Chat Fou 2016 Grenache 60%, Cinsault 15%, Carignan 15%, Chasselas 10% pane e salame. Un cartone per me, grazie.
Brézème 2016 da uve Syrah in purezza ha frutto netto e schioccante, spezia scura e polpa. Trama fitta e sapida, allunga su toni rossi, buonissimo.
Gli ultimi due vini, Brézéme Vieille Serine 2014 e lo Chateaneuf du Pape 2013 sono un ancora incastrati dal legno e più sulla concentrazione e maturità del frutto.

 

Carlo Tanganelli “Anatrino” 2016
In Val di Chiana, precisamente a Castiglionfiorentino,  si fa un gran bel trebbiano. Quando la macerazione non prevalica sul vitigno, ma apporta spessore. Una settimana sulle bucce, vino salatissimo, bella struttura che gioca partita alla pari con allungo acido.

 

Angiolino Maule “Pico” 2016
Non sempre mi convince questo vino. La 2016 ha tutte le caratteristiche che cerco in una Garganega. Acidità, sapidità, iodio, con punte più mediterranee. Invogliante.

 

C’era una volta…….

 

Prima edizione.
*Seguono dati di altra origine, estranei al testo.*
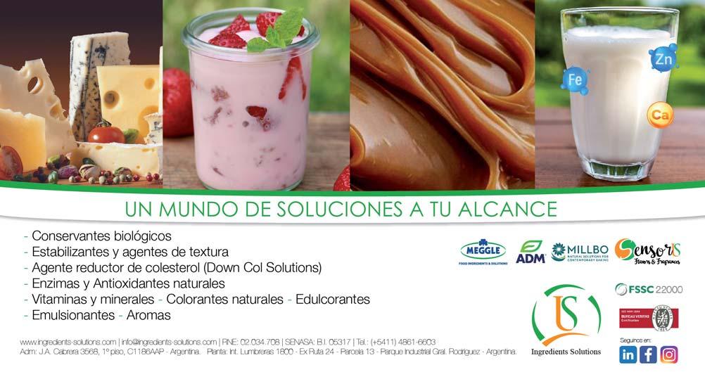 Evolución de la cadena láctea en la Argentina Período 2000-2021 M.C. Paollili, J. Mattera, S.M. Cabrini, F.A. Fillat, L.O. Pagliaricci 26 40 MERCADOS La importancia de Ucrania y la Federación de Rusia para los mercados agrícolas mundiales La FAO analiza los riesgos asociados con la guerra en Ucrania 34 SEGURIDAD ALIMENTARIA STAFFÍNDICE DE ANUNCIANTES DIRECTOR Néstor E. Galibert DIRECTORA EDITORIAL: Prof. Ana María Galibert RELAC. INTERNAC.: M. Cristina Galibert DIRECCIÓN TÉCNICA: M.V. Néstor Galibert (h) DIRECCIÓN, REDACCIÓN Y ADM. Av. Honorio Pueyrredón 550 - Piso 1 (1405) CABA - ARGENTINA Tel.: 54-11-6009-3067 info@publitec.com.ar http://www.publitec.com.ar C.U.I.T. N° 30-51955403-4 Esta revista es propiedad de Publitec S.A.E.C.Y.M. Propiedad Intelectual: 104936403 IMPRESIÓN GRÁFICA PINTER S.A. Diógenes Taborda 48/50 (C1437EFB) C.A.B.A. / Tel./Fax: (54-11) 4911-1661 graficapinter@graficapinter.com.ar Visite nuestras revistas on-line: www.publitec.com.ar Publitec es miembro JULIO 2022 ALPHA QUÍMICA35 ASEMA43 BIACONSULTCT BISIGNANO1 BUSCH28 CHR. HANSEN15 DIAGRAMMA11 DESINMEC14 FITHEP CENTRO 2023RCT FRÍO RAF39 HIDROBIOTRT ING. LÓPEZ29 INGREDIENTS SOLUTIONS21 KUAL25 MEDIGLOVET SIMES39 SSM53 TESTO37 VMC14 Proyecciones a mediano plazo para los mercados lácteos mundiales Las perspectivas son optimistas, pero hay desafíos para adaptarse a las preferencias cambiantes de los consumidores
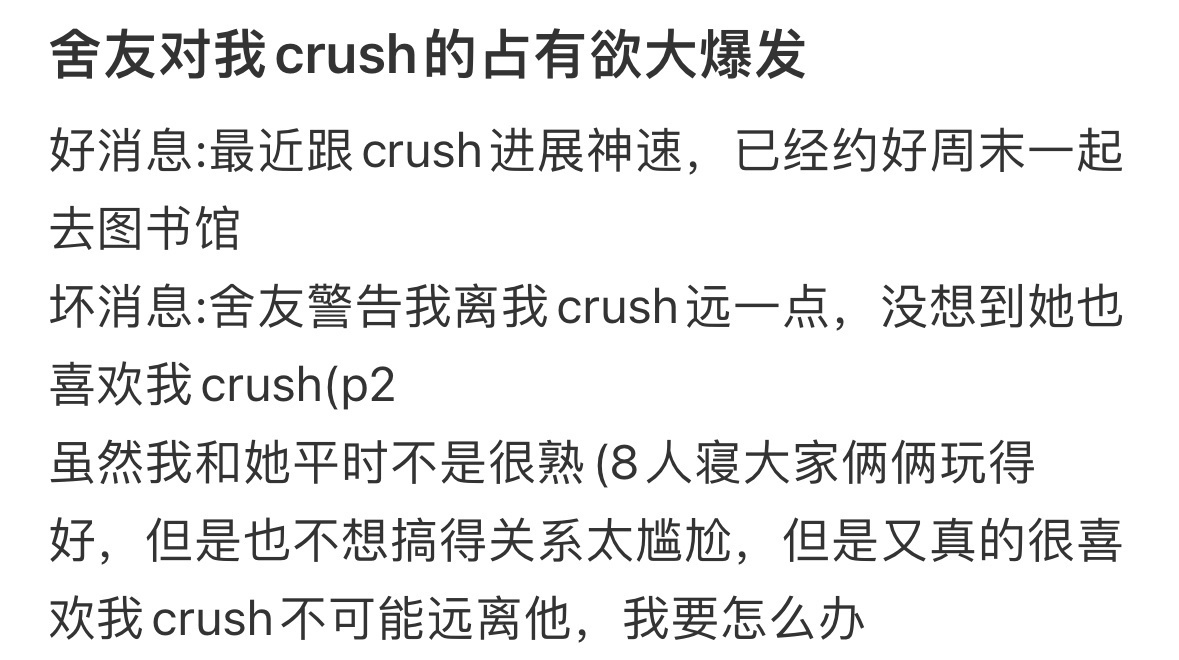 舍友对我crush的占有欲大爆发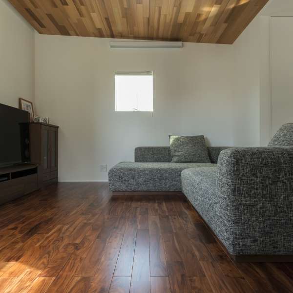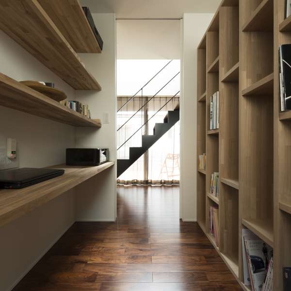 1階は造作の書棚の奥に寝室を配置。奥まった隠れ家調の雰囲気がうれしい、家族一人ひとりがリラックスした時間を過ごせるプライベートゾーンです。
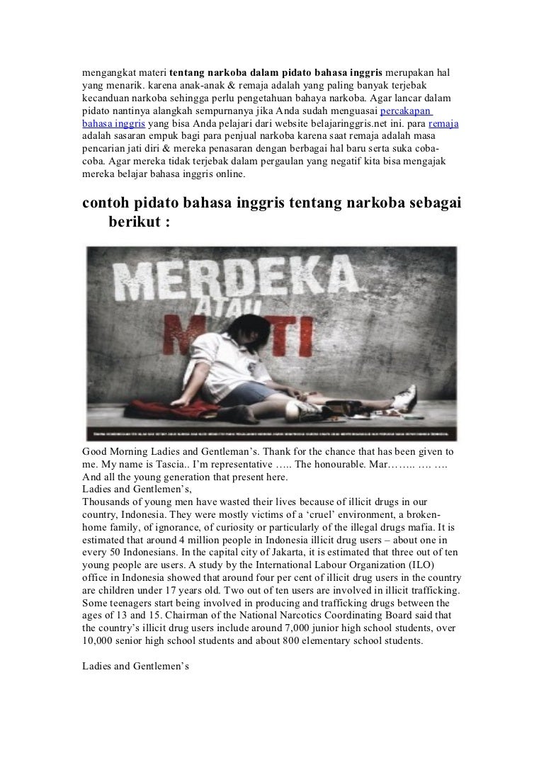 Text 1 Assalamualakum Wr Wb Best wishes. Contoh Pidato Bahasa Inggris tentang Narkoba dan artinya 11 July 2013 12 November 2010 by Imam Khanafi Pidato bahasa inggris tentang narkoba sangat diperlukan untuk para siswa karena anak-anak remaja adalah yang paling banyak terjebak kecanduan narkoba. Contoh pidato ini bisa dipakai oleh anak sekolah baik anak SD SMP SMA kuliah bahkan untuk pekerja sekalipun.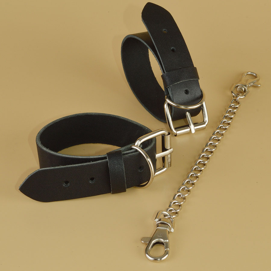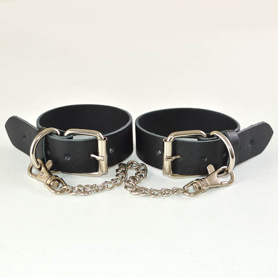 Оковы изготовлены из натуральной кожи. Регулируются пряжкой, имею цепочку с карабинами, длина 24см. Ширина браслета 2,5см. Обхват минимальный 19см, максимальный 26см. Длина упаковки 16, ширина 10, высота 8 см. Вес брутто 100 г.

In una splendida cornice di una villa privata a circa 20 chilometri da Villa Favorita, precisamente a Barbarano Vicentino, va in scena quello che, appena parcheggiata la macchina, sembrava l’ingresso di un after-hour.
Aria spensierata -tant’è che non ho preso nemmeno appunti- un gruppo di musicisti con chitarre e violoncelli, 30 i produttori, sistemati sotto ad un loggiato, perlopiù francesi, ma non mancano spagnoli e una sparuta rappresentanza italiana. Diciamo che è stata una giornata molto divertente, vuoi anche per la novità, pure se con diversi vini alquanto discutibili.

 

 

Gli assaggi più convincenti:

 

regione emergente l’Auvergne, ho assaggiato qualcosa nell’ultimo viaggio in Francia. Sono rimasto particolarmente sorpreso da due Vigneron che portano il nome di Benoit Rosenberg e Fred Gounan.
Il primo ha due vini, un Gamay rifermentato che lascio volentieri al prossimo ed un intrigante Gamay “Verre de Terre” 2014 dai toni coloriti, agrumati e tanto succo. Anche Gounan presenta due vini, un bianco e un rosso. Il primo è un assemblaggio di Pinot Grigio e Sauvignon, profuma di menta piperita tuffata in un sorso vivace e salato, molto buono anche il Pinot Nero.

 

Il rasta Wine Maker Yann Durieux tira fuori dal cilindro tre bombarde.. “Les ponts” 2016, non ancora in commercio, proveniente dai vigneti nella Haute Cote de Nuits, saporito, agrumato, fruibile e scattante. Saliamo di livello per posizionarci sul “Les 1er Ponts” 2014, dinamico, ampio e fitto.
Adesso prendete fiato perché questo vino è dinamite: “Jeannot” 2014 torna quello stile Roch, toni verdastri, spezie e fiori secchi. Frutto ridondante che arriva dal basso. Grande bottiglia!

 

 

Guigner un vero artigiano del vino. Da comprare a pancali due cuvee “Bistere” e “Moncailleux” 2014, provenienti dal villaggio di Regnier, vini che mettono sete.

 

Al prossimo anno.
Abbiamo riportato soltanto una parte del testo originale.